Martin Toutrond; a Frenchman in London in 1831. 1 vol. Richard Bentley.

† Lucille Belmont. A Novel. 3 Vols. Henry Colburn.

if they were not relieved by much earnest feeling and passion. Cecil, favoured by birth, is by no means so by circumstances. An account of youthfulness so mispent, and of time so squandered, in boating on a Highland loch and making love to an ill-fated little girl, we never read. Nor, according to his own account, did he devote himself more to study when at college, than when exiled at Solecombe. Cecil is one of those self-created geniuses who scorn to acknowledge the preliminaries that others have to go through. Called at a moment's notice to enter into London life and commence a diplomatic career, he is at once at home with ministers and ambassadors; he can ridicule "a middle-aged traveller, who had negociated I do not know how many treaties of commerce, without having brought one to a successful issue, knew every language in civilised Europe, and had translated whole folios of barbaric rhapsodies into English sonnets;" he can at once win the steadfast friendship of the almost "wondrous" Vavasour, the Rodolph of English fashionable society, and a person without whom no novel of fashionable life would in the present day be able to uphold its pretensions. But sentimental Cecil falls in love with the beautiful Lucille, the sister of his dearest college friend, at his very first ball, fancies himself thwarted by Vavasour, repairs to the country, and woos and wins only to discover that a mystery hangs over this fair maiden, which not only puts a bar to all thoughts of union, but actually requires his immediate forfeiture of her society.

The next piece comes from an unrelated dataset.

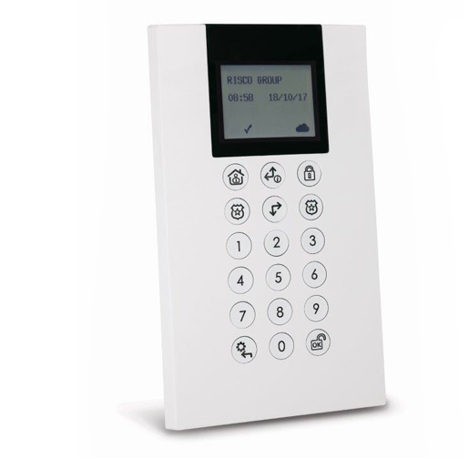 Panneau de commande mural filaire avec clavier rétroéclairé, affichage LCD et LED, permettant l’armement/désarmement, la saisie de code, la gestion des partitions et l’affichage d’alertes, compatible avec les centrales Risco LightSYS et ProSYS.

The sketches of high official personages, and of the great and the learned of the land, that are here and there scattered through the work, attest the author's intimacy with the society which he describes, and efficiently relieve the scenes of human weaknesses and sufferings which otherwise preponderate in this tale of romantic love.

AUSTRIA.*

THE dream of security from which Austria has been so suddenly and so rudely aroused, the supposed immutability of her system for once and for ever broken up, and the triumphs of her military over insurrection in every direction, from the heart to the remotest extremities of the empire, constitute an epoch in the history of that remarkably constituted country, which attaches a peculiar interest to all real and authentic statements in regard to its social and political condition; and such we can truly say are contained in Mr. Thomson's little book. His accounts bear internal evidence of truth and fairness, and exhibit every proof of having been most carefully collected, and that with a sound and discriminating judgment. We do not think that the author has done justice to Prince Metternich, in not distinguishing the system of which he was the representative, or rather the head, from the man himself. Mr. Paton, in his recently published "Highlands and Islands of the Adriatic," has, in this respect, furnished us with a far more spirited and just view of the Austrian political system. Mr. Thomson is more happy when he signalises the proximate extinction of the farce of a German federal parliament. Public opinion, he says, which in Germany is decidedly in favour of monarchy, will ere long pronounce the doom which is due to the utopianism and arrogance of the Frankfort Assembly. A consummation devoutly to be wished!

* Austria. By Edward P. Thomson, Esq. Smith, Elder, and Co.